REQUIREMENT |
Your copy should begin with the line containing "OCALE全国跨境电商创新创", end with the line containing "Kolová letní sukně", match the listing below exactly, and contain no pictures.

AVAILABLE DATA |

'''

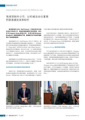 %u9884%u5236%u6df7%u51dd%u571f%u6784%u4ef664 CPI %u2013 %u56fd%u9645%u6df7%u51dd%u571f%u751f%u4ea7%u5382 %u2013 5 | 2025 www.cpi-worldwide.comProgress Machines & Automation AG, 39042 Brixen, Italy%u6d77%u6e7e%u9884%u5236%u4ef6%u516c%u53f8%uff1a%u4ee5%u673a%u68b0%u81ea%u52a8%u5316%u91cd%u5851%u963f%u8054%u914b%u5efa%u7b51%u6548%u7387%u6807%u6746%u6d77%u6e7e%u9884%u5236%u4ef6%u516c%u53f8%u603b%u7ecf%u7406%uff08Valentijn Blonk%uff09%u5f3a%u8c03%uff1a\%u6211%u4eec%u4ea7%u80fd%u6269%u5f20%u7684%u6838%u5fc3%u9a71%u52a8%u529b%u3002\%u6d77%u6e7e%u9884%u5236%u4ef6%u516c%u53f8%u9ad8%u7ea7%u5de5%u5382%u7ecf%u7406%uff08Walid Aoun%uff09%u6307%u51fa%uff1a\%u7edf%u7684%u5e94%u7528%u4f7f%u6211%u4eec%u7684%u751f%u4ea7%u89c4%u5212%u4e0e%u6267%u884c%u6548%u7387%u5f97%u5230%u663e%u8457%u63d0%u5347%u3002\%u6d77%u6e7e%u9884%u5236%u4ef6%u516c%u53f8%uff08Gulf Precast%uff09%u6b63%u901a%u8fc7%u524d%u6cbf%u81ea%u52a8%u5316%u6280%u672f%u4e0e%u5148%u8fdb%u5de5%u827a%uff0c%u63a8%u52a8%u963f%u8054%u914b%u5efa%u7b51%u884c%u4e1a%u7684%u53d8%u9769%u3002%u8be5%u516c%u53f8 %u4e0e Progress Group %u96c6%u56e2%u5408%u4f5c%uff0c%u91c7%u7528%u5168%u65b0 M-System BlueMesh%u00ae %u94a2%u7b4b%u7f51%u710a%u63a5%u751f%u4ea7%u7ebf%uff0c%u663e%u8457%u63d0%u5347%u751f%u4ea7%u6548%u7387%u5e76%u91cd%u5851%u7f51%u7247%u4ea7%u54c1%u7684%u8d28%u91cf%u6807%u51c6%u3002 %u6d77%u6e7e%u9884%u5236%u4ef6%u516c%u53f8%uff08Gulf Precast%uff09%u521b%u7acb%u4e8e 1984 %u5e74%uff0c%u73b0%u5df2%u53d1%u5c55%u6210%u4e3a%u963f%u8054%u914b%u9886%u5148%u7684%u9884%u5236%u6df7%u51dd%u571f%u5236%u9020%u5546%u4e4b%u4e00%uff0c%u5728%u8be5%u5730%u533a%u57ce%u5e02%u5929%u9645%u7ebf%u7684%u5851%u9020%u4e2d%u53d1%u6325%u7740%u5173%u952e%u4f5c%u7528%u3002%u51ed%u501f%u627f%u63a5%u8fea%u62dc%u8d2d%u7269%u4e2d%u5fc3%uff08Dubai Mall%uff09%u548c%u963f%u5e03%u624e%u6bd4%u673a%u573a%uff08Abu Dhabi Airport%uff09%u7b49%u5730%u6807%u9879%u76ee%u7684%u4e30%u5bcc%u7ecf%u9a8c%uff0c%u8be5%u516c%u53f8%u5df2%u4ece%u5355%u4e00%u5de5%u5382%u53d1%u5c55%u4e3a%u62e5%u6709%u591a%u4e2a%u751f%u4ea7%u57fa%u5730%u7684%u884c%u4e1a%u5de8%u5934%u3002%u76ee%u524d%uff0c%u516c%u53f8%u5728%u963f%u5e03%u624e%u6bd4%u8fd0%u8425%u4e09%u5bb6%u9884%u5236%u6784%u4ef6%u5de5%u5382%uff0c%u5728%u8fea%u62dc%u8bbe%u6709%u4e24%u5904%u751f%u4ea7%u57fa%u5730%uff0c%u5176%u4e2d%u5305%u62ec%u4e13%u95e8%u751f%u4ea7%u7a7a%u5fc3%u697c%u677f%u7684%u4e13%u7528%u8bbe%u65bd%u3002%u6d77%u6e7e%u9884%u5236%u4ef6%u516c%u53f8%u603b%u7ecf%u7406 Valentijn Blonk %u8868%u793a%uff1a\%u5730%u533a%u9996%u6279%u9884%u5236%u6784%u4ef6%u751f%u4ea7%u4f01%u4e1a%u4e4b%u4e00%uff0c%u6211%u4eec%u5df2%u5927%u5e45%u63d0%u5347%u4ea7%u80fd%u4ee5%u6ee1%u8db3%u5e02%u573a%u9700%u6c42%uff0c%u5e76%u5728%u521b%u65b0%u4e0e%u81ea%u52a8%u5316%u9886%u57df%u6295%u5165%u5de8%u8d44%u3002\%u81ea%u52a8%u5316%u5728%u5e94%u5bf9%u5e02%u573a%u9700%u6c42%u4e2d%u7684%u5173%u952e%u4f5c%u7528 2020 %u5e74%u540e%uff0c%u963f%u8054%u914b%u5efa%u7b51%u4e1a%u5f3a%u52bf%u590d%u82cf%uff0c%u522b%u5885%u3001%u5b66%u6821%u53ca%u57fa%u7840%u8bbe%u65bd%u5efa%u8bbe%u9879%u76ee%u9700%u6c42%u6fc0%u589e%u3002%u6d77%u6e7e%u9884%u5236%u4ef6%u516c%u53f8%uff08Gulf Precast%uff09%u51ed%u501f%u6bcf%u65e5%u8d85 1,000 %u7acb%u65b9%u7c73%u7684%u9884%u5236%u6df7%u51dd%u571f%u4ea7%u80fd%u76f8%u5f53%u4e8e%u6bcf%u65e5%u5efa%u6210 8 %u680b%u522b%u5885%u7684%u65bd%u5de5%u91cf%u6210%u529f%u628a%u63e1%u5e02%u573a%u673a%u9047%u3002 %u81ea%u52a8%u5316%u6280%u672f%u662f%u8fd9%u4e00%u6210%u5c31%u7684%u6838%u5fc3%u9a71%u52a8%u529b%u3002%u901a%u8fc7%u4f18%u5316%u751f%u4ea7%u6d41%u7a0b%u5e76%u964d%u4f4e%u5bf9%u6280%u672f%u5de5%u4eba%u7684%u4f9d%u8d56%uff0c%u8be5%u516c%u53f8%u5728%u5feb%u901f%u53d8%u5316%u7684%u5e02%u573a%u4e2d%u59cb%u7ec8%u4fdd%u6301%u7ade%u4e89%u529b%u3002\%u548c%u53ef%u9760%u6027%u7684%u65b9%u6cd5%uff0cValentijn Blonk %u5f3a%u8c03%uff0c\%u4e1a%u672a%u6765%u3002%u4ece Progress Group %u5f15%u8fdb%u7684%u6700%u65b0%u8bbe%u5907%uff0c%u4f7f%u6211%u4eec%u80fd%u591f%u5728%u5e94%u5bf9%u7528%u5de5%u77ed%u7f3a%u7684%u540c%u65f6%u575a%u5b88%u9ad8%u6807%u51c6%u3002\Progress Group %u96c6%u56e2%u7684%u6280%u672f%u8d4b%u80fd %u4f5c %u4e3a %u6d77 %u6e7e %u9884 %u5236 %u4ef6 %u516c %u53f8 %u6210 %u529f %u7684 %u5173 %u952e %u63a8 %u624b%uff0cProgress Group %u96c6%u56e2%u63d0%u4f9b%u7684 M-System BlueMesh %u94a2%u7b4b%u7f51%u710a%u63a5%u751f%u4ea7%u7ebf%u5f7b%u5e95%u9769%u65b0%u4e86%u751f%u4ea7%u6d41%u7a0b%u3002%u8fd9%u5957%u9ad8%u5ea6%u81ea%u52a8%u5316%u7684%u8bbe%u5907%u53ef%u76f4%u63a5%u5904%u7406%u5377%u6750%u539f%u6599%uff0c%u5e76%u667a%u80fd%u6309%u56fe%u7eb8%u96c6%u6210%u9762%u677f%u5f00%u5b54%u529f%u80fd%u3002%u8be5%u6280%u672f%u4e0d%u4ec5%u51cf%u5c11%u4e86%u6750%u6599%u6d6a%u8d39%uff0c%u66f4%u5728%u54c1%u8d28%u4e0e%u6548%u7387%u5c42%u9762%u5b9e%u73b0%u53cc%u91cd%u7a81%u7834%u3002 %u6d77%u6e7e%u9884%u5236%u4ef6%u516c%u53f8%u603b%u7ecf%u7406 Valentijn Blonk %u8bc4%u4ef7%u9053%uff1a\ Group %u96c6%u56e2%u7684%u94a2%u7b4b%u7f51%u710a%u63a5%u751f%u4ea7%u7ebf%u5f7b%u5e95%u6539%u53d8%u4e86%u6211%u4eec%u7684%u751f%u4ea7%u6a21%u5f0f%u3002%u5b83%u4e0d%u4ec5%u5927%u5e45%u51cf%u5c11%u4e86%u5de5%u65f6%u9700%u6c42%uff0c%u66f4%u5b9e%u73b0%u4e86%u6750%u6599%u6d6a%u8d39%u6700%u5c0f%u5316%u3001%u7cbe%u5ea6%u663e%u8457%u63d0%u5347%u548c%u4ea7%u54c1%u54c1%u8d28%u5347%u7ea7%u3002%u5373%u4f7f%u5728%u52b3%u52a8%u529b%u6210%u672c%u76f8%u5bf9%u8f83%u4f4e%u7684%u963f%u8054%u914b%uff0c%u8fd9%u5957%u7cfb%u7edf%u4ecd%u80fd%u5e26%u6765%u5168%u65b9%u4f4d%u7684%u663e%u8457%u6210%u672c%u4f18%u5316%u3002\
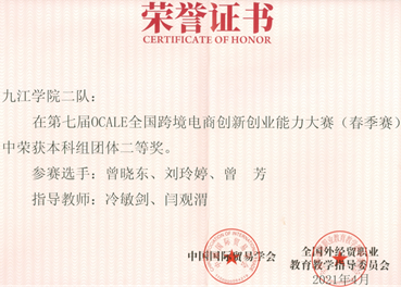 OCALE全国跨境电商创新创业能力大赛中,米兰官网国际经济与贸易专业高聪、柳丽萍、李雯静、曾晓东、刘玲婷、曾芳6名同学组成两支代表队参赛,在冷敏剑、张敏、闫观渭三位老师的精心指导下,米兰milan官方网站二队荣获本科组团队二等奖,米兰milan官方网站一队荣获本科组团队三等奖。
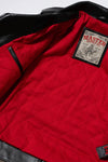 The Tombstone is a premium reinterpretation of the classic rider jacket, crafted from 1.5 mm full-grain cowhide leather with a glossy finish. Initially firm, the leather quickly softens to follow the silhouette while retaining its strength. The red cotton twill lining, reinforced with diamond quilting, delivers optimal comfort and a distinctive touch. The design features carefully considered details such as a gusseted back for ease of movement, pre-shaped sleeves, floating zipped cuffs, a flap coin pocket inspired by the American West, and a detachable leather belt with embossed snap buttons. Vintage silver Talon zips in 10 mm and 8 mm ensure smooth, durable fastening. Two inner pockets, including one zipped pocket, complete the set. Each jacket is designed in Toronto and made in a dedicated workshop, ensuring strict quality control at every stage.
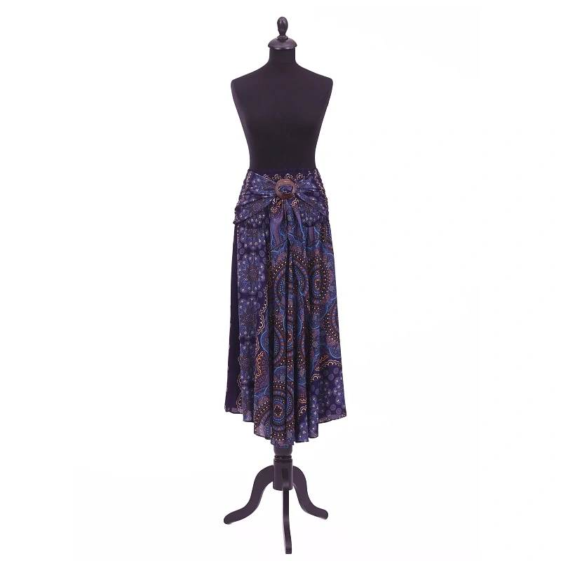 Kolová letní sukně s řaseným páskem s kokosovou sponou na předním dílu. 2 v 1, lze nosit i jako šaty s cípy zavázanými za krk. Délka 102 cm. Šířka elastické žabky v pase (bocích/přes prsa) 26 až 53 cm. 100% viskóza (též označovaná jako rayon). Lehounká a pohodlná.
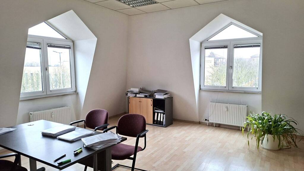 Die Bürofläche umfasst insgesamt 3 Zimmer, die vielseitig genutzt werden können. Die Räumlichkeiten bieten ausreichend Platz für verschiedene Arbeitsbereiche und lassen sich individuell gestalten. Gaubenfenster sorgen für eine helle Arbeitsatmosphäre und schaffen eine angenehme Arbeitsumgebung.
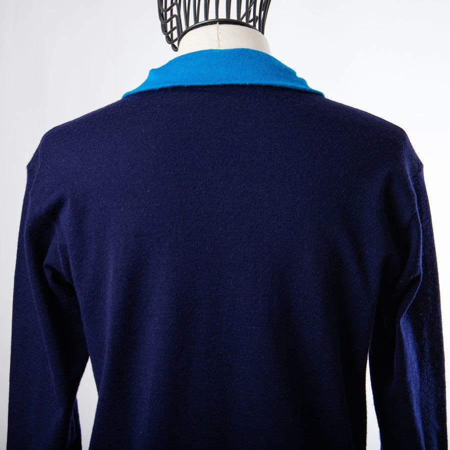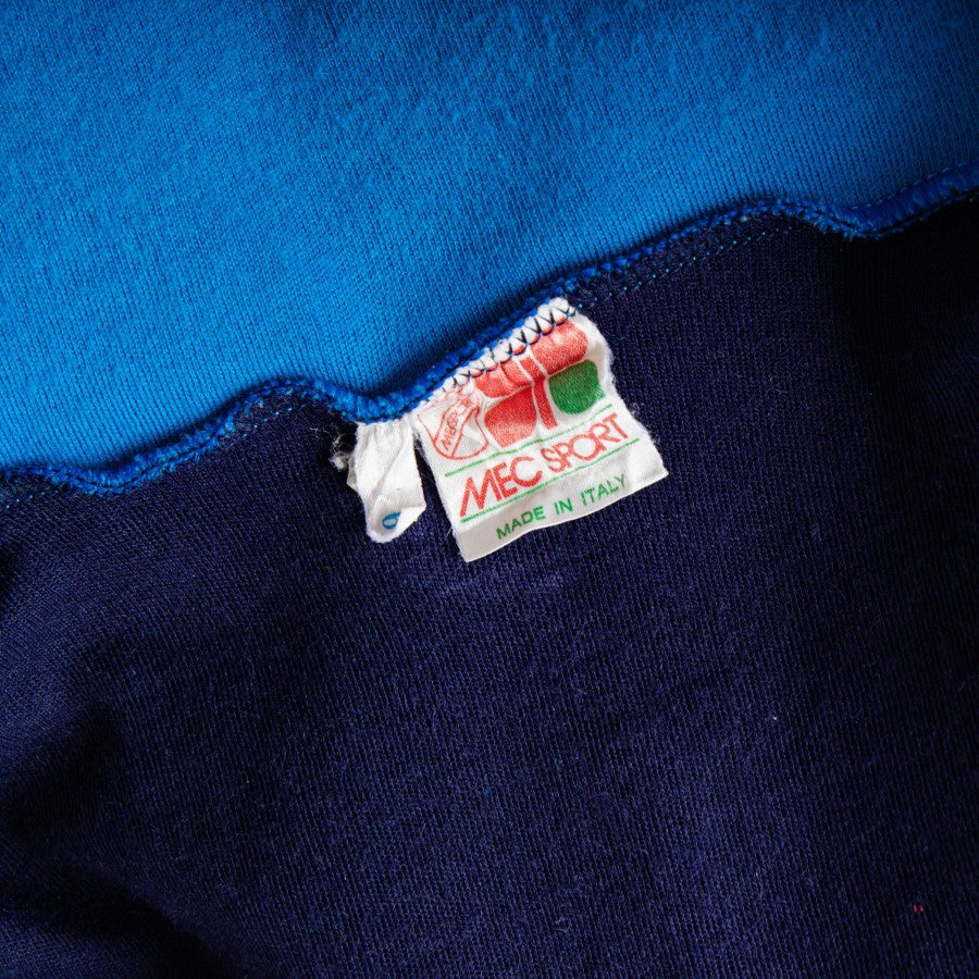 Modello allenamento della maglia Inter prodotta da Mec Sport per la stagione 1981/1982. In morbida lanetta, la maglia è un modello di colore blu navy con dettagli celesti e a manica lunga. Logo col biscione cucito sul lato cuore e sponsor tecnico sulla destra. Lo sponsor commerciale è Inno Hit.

'''

REPLY |
 OCALE全国跨境电商创新创业能力大赛中,米兰官网国际经济与贸易专业高聪、柳丽萍、李雯静、曾晓东、刘玲婷、曾芳6名同学组成两支代表队参赛,在冷敏剑、张敏、闫观渭三位老师的精心指导下,米兰milan官方网站二队荣获本科组团队二等奖,米兰milan官方网站一队荣获本科组团队三等奖。
 The Tombstone is a premium reinterpretation of the classic rider jacket, crafted from 1.5 mm full-grain cowhide leather with a glossy finish. Initially firm, the leather quickly softens to follow the silhouette while retaining its strength. The red cotton twill lining, reinforced with diamond quilting, delivers optimal comfort and a distinctive touch. The design features carefully considered details such as a gusseted back for ease of movement, pre-shaped sleeves, floating zipped cuffs, a flap coin pocket inspired by the American West, and a detachable leather belt with embossed snap buttons. Vintage silver Talon zips in 10 mm and 8 mm ensure smooth, durable fastening. Two inner pockets, including one zipped pocket, complete the set. Each jacket is designed in Toronto and made in a dedicated workshop, ensuring strict quality control at every stage.
 Kolová letní sukně s řaseným páskem s kokosovou sponou na předním dílu. 2 v 1, lze nosit i jako šaty s cípy zavázanými za krk. Délka 102 cm. Šířka elastické žabky v pase (bocích/přes prsa) 26 až 53 cm. 100% viskóza (též označovaná jako rayon). Lehounká a pohodlná.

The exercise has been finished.